I realized that I indeed had become a charicature- of a woman who thought she was doing what she wanted to do, while she was really only playing to the more extreme and prurient wants of the men who were running her life. My actions made me a sort of "gatekeeper"- that's to say that in the bigger scheme of things, I actively chose to reinforce a cycle that oppresses women. I was letting men fuck me over and saying out loud that I loved it- and that more or less gave the men involved a pass to try and do the same with other women. I had abused what privilege I had.
It's odd, isn't it, how a person who wallows in self-pity, in their fucked-up childhood, in all their bad breaks and other such manifestations of their own "individual situations" in order to justify apathy and lack of action- isn't it just a bit odd that such a person can be so very, very proactive when it comes to their own, personal, individual desires?
Then when someone points out the pattern as it repeats, fractalesque, damaging the already damaged- the person who finally gets his turn under the microscope attempts to second-guess the perception of the person peering through the lens; he needs to jar the focus, change the range of magnification.
Thing is, I too had a fucked-up childhood and poverty and abuse and mental assault on my plate from as far back as I can remember. I think the operative difference is in the fact that I came to a point where I realized that hey-wait a minute- I'm still around after all that. That means I must be strong. I've been a strong person all these years, I've just been pushing in the wrong direction- I've been pushing against people who suffer the same shit that I suffer. I made a *choice* to push against the people and the Powers who have made me suffer.
I also figured out that men who abuse and manipulate and hurt and take and take and take are not monsters. They are regular men. That is manliness. Manliness is a bit monstruous, but it's also not abnormal, by any stretch of the imagination. Such is the nature of privilege; something for nothing; entitlement. Every man who wishes to support us has to examine and deconstruct that side of himself and be open to the examination and deconstruction of his masculinity and male privilege, as well as accountability in areas of abuse of said privilege. They close themselves to this, and they are, effectively, against our freedom.
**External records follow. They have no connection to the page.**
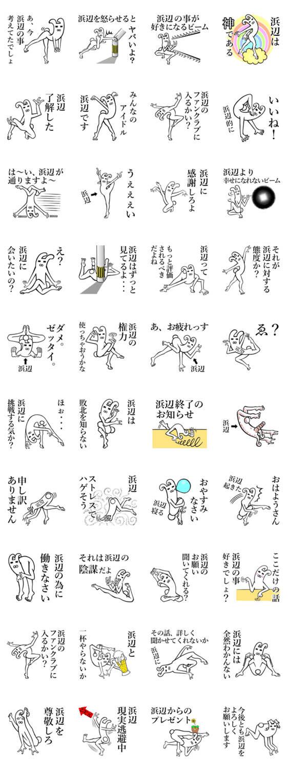 | スタンプ説明 | 名前が【浜辺/はまべ】さんスタンプ。浜辺/ハマベ/はまちゃん/ハマチャン/浜辺君/はまなべくん/ハマナベクン/はまっち/ハマッチ/はまりん/ハマリン/はましー/子猫旅館 |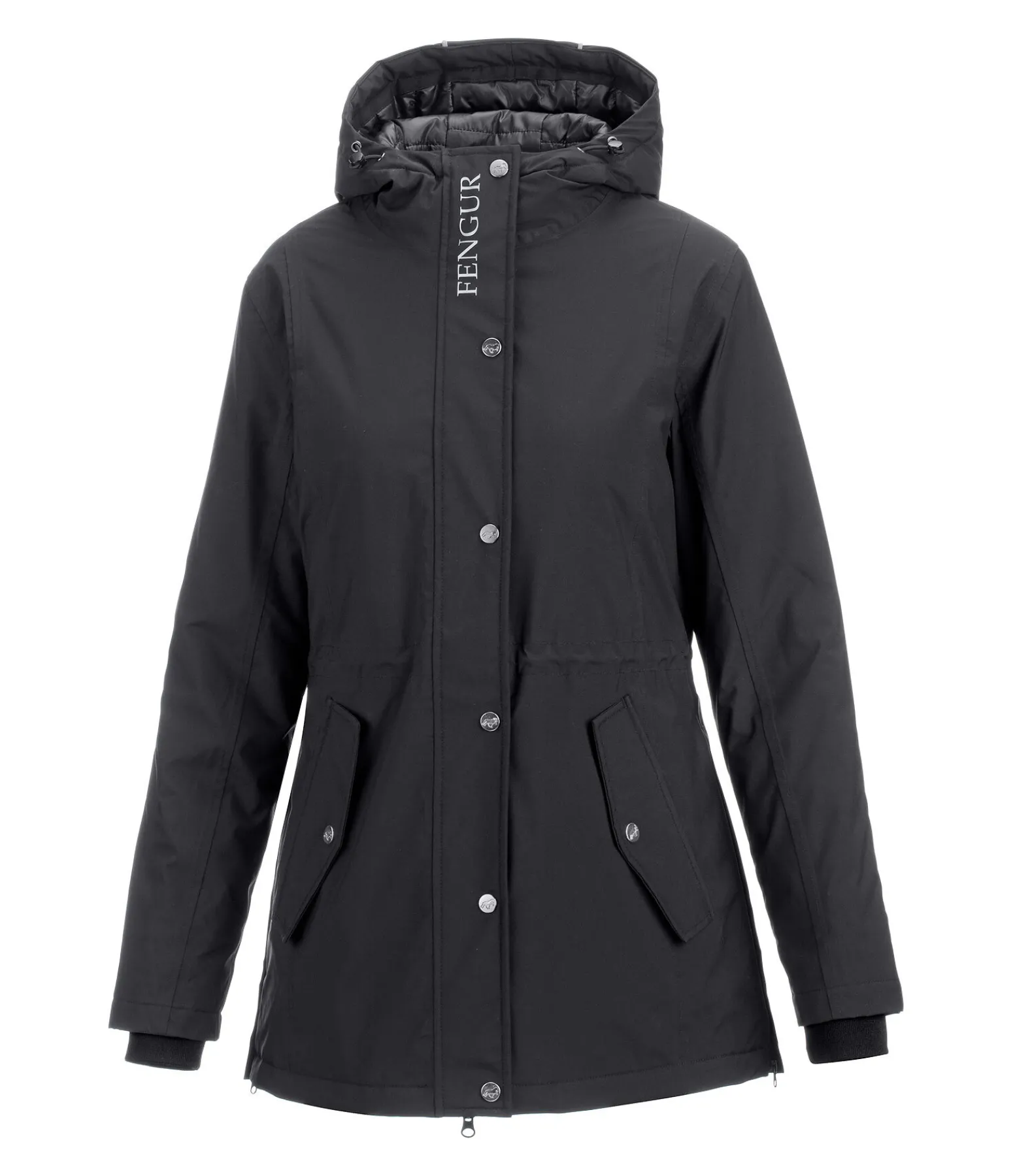 Manteau d’équitation technique imperméable et coupe-vent (10.000 mm) avec garnissage chaud en imitation duvet. Capuche pouvant être fixée dans le dos. Détails réfléchissants sur le col et la capuche. Taille élastiquée réglable. Capuche ajustable. Deux fentes cavalières à l’arrière avec fermeture à glissière. Fermeture à glissière double sens dissimulée à l’avant et poches latérales à rabat. 100 % polyester.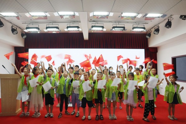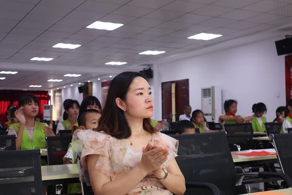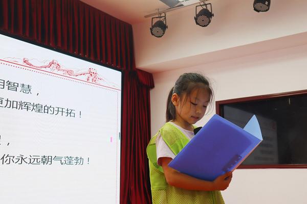 配音表演结束后,推普实践队的老师们也集体朗诵了诗歌《晨曦》。该诗谱写了中华民族腾飞的历程:在真理的旗帜的引航下,人民建设富饶美丽的家园。随后,学生们集体朗诵了诗歌《请党放心,强国有我》,大家声音响亮,读出了青少年的自信与豪迈,“请党放心,强国有我”的声音在会议室里久久回荡。最后,学生们齐唱少先先锋队队歌,本次红色经典诵读活动顺利结束。

It does not surprise me that a man for whom I used to dance reacted strongly when he realized that I no longer will dance for him, and instead I will merely shove him in the direction that he needs to go. I could give a shit about his navel-gazing and self-reflection. I don't need to know every minute detail of his personal experience to know that his actions hamper and hinder the personal lives of people that I love dearly. His supposed former "respect" for me is a drop of water on a hot stove eye, because he doesn't know shit about respect- except as an abstract and intellectualized concept. And he doesn't seem to have changed a bit from when I last saw him, last knew him.
Words don't mean shit without actions to back them up. Our lives are where we act. If our lives are empty, all our mumblings and rantings and intellectual fiddle-faddle are so much dust in the wind. Stepping away from this man and other men and what they have stood for in my life, that has been a way that I have *chosen* to take action for my own good and the good of others.
Men will always call us bitter and poisonous and any number of names when we make this choice. They'll always attempt to deflect accountability for their own actions back onto us. And they have and always will attempt to threaten the removal of their physical/emotional proximity and whatever validation they percieve it brings in an attempt to castigate us when we don't want to do their fucking dance.
My plan of action is not only not to dance, but to push and to shove and to never, ever let another man step on me again.